Central Station is a Grade II listed building in the Epsom and Ewell local planning authority area, England. First listed on 9 May 1988. Station.
Central Station
- WRENN ID
- bitter-brass-oak
- Grade
- II
- Local Planning Authority
- Epsom and Ewell
- Country
- England
- Date first listed
- 9 May 1988
- Type
- Station
- Source
- Historic England listing
Description
Central Station is a former water, gas, and electricity station, now disused, designed in 1899 and opened in 1901 by Clifford Smith for the London County Council. It is constructed of yellow brick with red brick dressings, topped with Welsh slate roofs. The building comprises a three-stage water tower enclosed by lower two-storey and one-storey ancillary buildings, forming an L-shaped plan.
The tower has ashlar cornices between its stages. Red-brick quoins, keystoned archivolts, and shaped panels are located below the windows. The south side features two round-arched windows to the lower stage, with a lunette above, similar lunettes are present on the north and west sides, with three lunettes on the west side, the outer ones being smaller. Tall, red-brick machicolations are found on the upper stage, below a projecting cornice topped with a metal water tank, the tops of whose north and south sides are inverted triangle-shaped.
Attached to the south side is a low, three-bay, single-storey building with segmental brick-arched windows (the one on the left being smaller), raised, corbelled verges, and a central ridge stack. A similar, larger, two-storey building is situated against the west side, with end gables featuring keyed oculi and raised gable bands. A two-storey gabled block projecting on the east side is a later addition and of less significance; however, to its right are two paired original, gabled, single-storey ranges each having keyed, round-arched windows, the left range with two windows flanking a tall recess and the right range with three windows, gable bands, and louvred roof ridges.

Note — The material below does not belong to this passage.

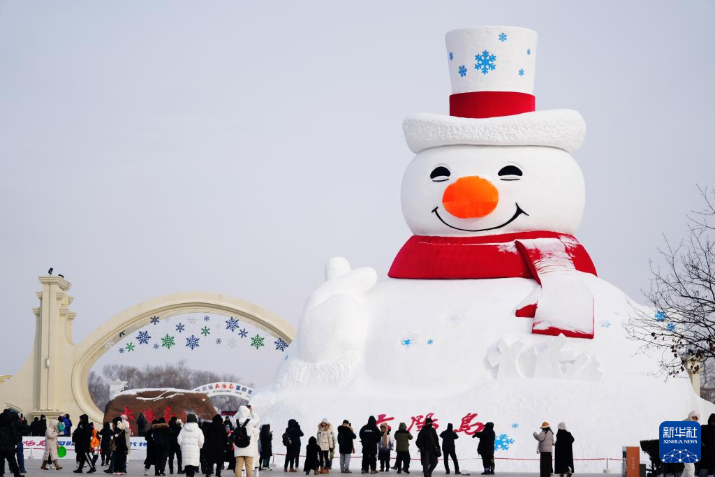 1月1日,在哈尔滨市群力音乐公园,众多游客前来与雪人合影(无人机照片)。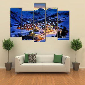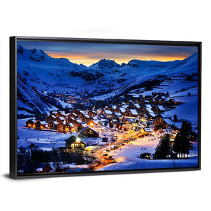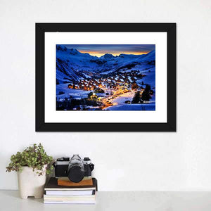 This canvas art captures a serene winter evening in a charming mountain village. The cozy scene features snow-covered roofs and glowing windows, inviting a sense of peace into your space.

The tower's interior is reported to retain a well head surrounded by railings on ball-finialed, fluted columns, and the original pumping machinery and engine. The station originally served five nearby London County Council hospitals and included a 400-foot well shaft, a gas works, an electricity switching station, a weigh-bridge, a boiler house, an engine house, a storage-battery room, a machine-tool shop, a rail terminal, a 40,000-gallon water storage tank, a cooling water reservoir, an electric lighting plant, and a water softening plant.
At the time of inspection, the building was unused and in a state of disrepair.